Tess schloß die Augen und atmete
mehrmals tief durch, um ihr aufgeregt klopfendes Herz zu beruhigen.
Dann war Keith hinter ihr, legte ihr
die Hände auf die Schultern und drehte sie sanft zu sich herum.
»Ich liebe dich«, sagte er.
Die Worte waren ein solcher Schock
für Tess, daß es ihr die Sprache verschlug und sie nichts mehr hörte oder sah —
außer der Kette um Keith' Hals mit dem goldenen Ring daran.
»Tess.«
Sie riß sich los und wandte sich von
ihm ab. »Der Ring. Amelie«, flüsterte sie mit gebrochener Stimme. »Geh. Bitte
geh.«
Doch Keith ging nicht. Sie hörte ein
klirrendes Geräusch und sah plötzlich Ring und Kette auf dem Tisch liegen. »Ich
liebe dich«, wiederholte Keith ernst.
Tess starrte auf das Häufchen Gold
und richtete dann den Blick auf Keith. Auf sein geliebtes Gesicht. »Wenn du
mich als Mätresse willst ...«
Er schwieg und beobachtete sie nur.
War es Spott, was in seinen blauen Augen funkelte oder zärtliche Belustigung?

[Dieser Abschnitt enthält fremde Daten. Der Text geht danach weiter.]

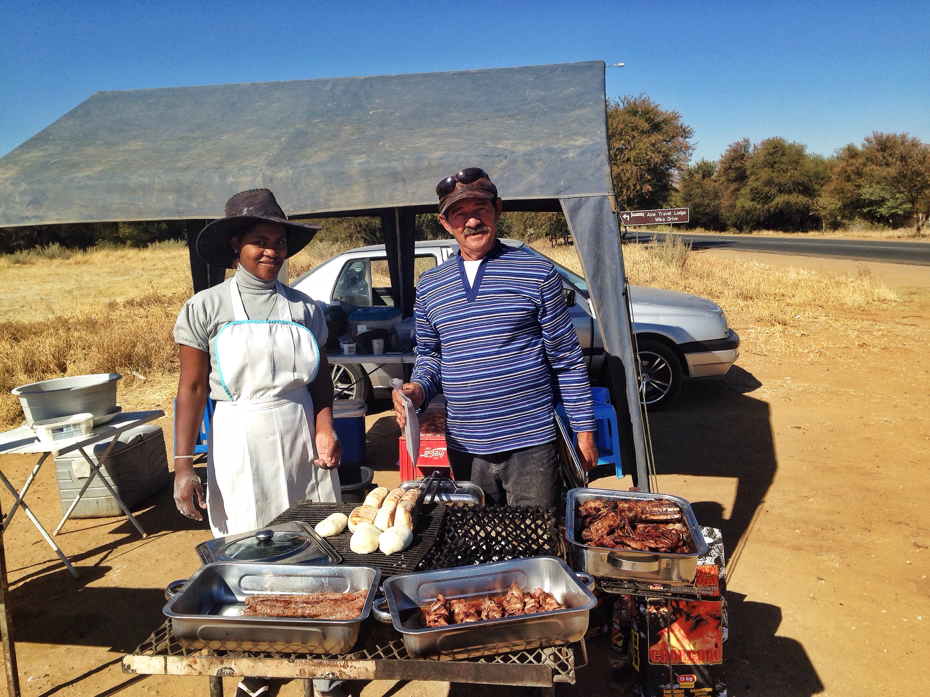 I took the Trans Kalahari Highway through to Windhoek. This is a long stretch of road with only the passing trucks and the warthogs that rush out of the grass along the road to keep the adrenaline pumping. After a couple of nights of freezing cold wild camps, I was welcomed and hosted to Windhoek by Ernst and Erno. They are family friends of my good friend Sonja. Ernst quickly recognised a hungry cyclist and took me to Joe’s Pub. He recommended the pork knuckle with coleslaw and a pint. This is an awesome spot where you feel like you’re in Germany itself. After dinner I joined Erno and his wife for a few glasses of wine and some entertaining conversation. The Holtz family own an outdoor shop and kindly donated a pair of long johns to the cause. I was also introduced to Jennifer, a staff member at their shop who then hosted me in Rehoboth the following night.

»Das werde ich nie sein.« Tapfere
Worte, dachte sie bei sich. Wenn er sie jetzt küßte, würde sie ihre eigenen
Worte Lügen strafen — sie konnte gar nicht anders.
Er kam näher und näher, und Tess
begann zu zittern, als er ihr Gesicht zwischen beide Hände nahm, seine Finger
in ihrem Haar vergrub und mit den Lippen ihre Schläfe streifte.
»Warum hast du mir nie gesagt, daß
du einmal Prediger warst?« fragte sie aus lauter Verzweiflung, weil sie
spürte, wie sich eine vertraute Hitze in ihr auszubreiten begann.